Note the difference in operand types compared to the f1/f2 inner conditionals that reference the null literal directly (§4.1). Because of this difference of having 2 numeric-convertible types, this rule from §15.12.2.7 applies:

  • Otherwise, if the second and third operands have types that are convertible (§5.1.8) to numeric types, then there are several cases: ...

    • Otherwise, binary numeric promotion (§5.6.2) is applied to the operand types, and the type of the conditional expression is the promoted type of the second and third operands. Note that binary numeric promotion performs unboxing conversion (§5.1.8) and value set conversion (§5.1.13).

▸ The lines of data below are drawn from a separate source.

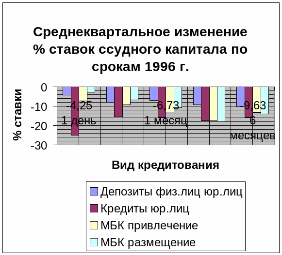 Как мы видим, меньше всего ставки понизились по однодневным операциям. Исключение составляют лишь кредиты юридических лиц, которых в общей совокупности операций по кредитованию юридических лиц крайне мало, всего около 1 %. Далее следуют ставки по семидневным операциям, затем одномесячные и трехмесячные операции, то есть с ростом срока операции в 1996 г. происходило и увеличение темпа подения процентной ставки. Исключение составили по некоторым видам операций шестимесячные ставки, но по привлечению и размещению МБК таких операций бало очень мало.
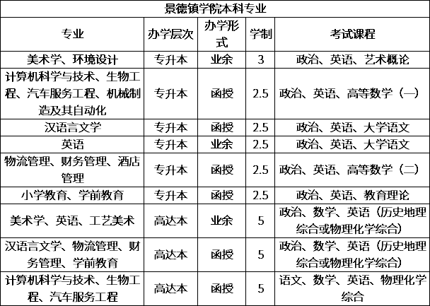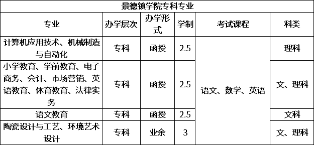 景德镇学院是一所公办多科性全日制普通本科院校,坐落在全国历史文化名城、中国优秀旅游城市、世界闻名的千年瓷都——江西省景德镇市。学校主动适应地方经济社会发展需要,打造优势特色专业,对接景德镇“汽车、航空、陶瓷、旅游”、“3+1+X”特色优势产业链,构建了以教师教育为基础,以陶瓷艺术为特色,多学科协调发展的专业体系,成为景德镇及周边地区重要的人才培养基地。2020年我院面向社会各界招收成人教育本专科学生,凡报考我院第一志愿,且上了录取分数线者均可录取。欢迎广大考生踊跃报考我院!
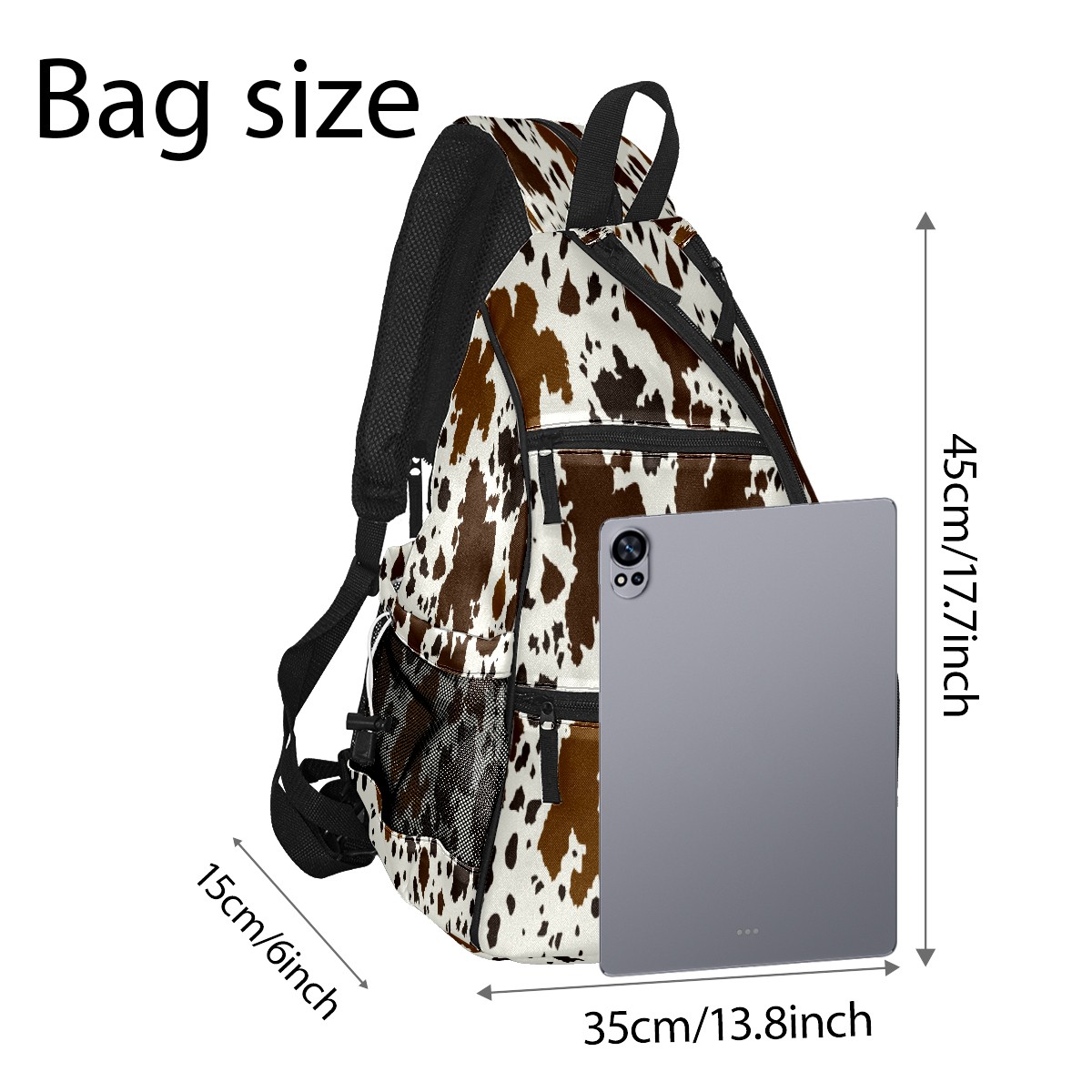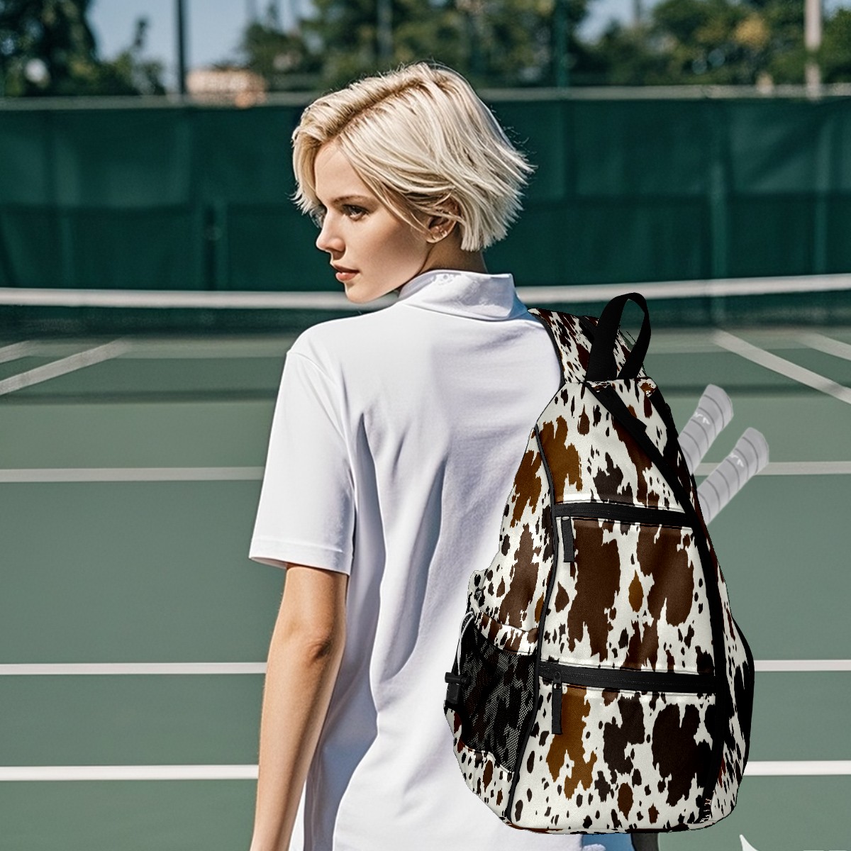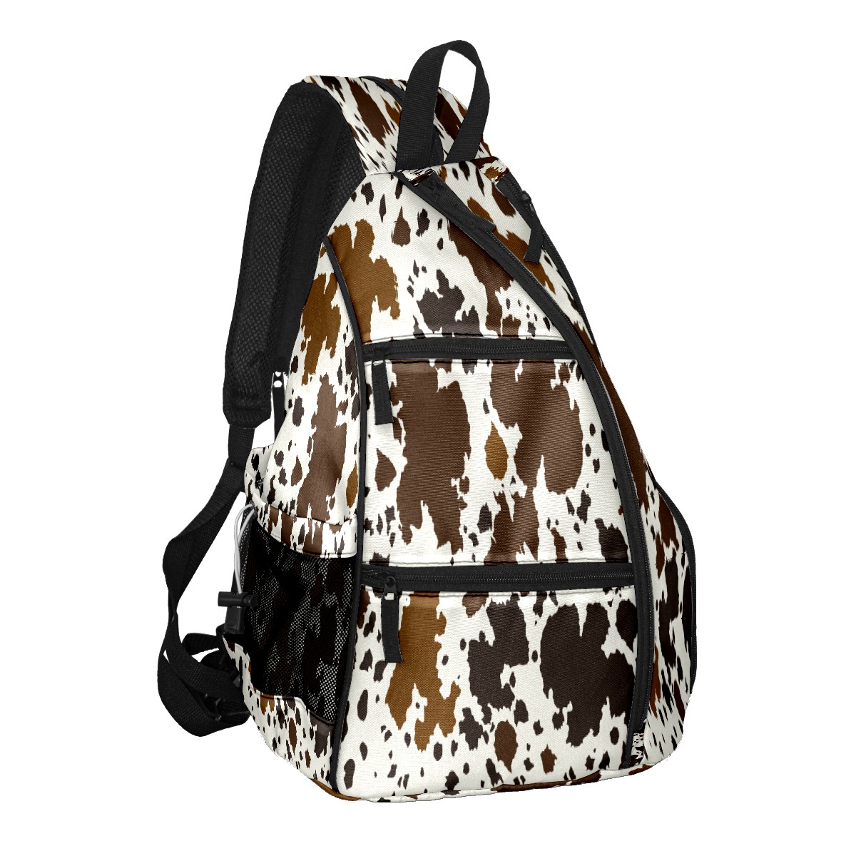 Print Pickleball Backpack Western Brown Black Cow Print | Padded 6-Paddle Compartment & Separate Shoe Bag | Multi-Pocket Sports & Gym Backpack for Tennis, Travel, Commute

Because of the unboxing conversion performed on the result of the f2 inner conditional (null), a NullPointerException is raised.

Solution 2:

I think rewriting the code makes the explanation clearer:

    float f = 1.0f;

    Float null_Float  = false?        f  : null;       // float + null  -> OK
    Float null_Float2 = false? (Float)f  : null_Float; // Float + Float -> OK
    Float npe         = false?        f  : null_Float; // float + Float -> NPE

Thus the NPE is when we try to do something like:

Float npe = false? 1.0f : (Float)null;

Solution 3:

The following will throw a NPE as you attempt assign a null to a primitive

    float f1 = false ? 1.0f: null;

That I believe is whats causing the NPE in the second statement. Because the first ternary returns a float for true it attempts to convert the false to a float as well.

The first statement will not convert to null as the required result is a Float

This for example this would not throw a NPE as its no longer needs to convert to primitive

    Float f = false? new Float(1.0f): true ? null : 1.0f;

Solution 4:

To be or not to be, that is the question. :)

Edit: Actually, looking closer it seems that this case is actually a mix between the Hamlet (ternary operator and wrapped integral types) and the Elvis (auto-unboxing null) puzzlers. In any case, I can only recommend watching the video, it is very educational and enjoyable.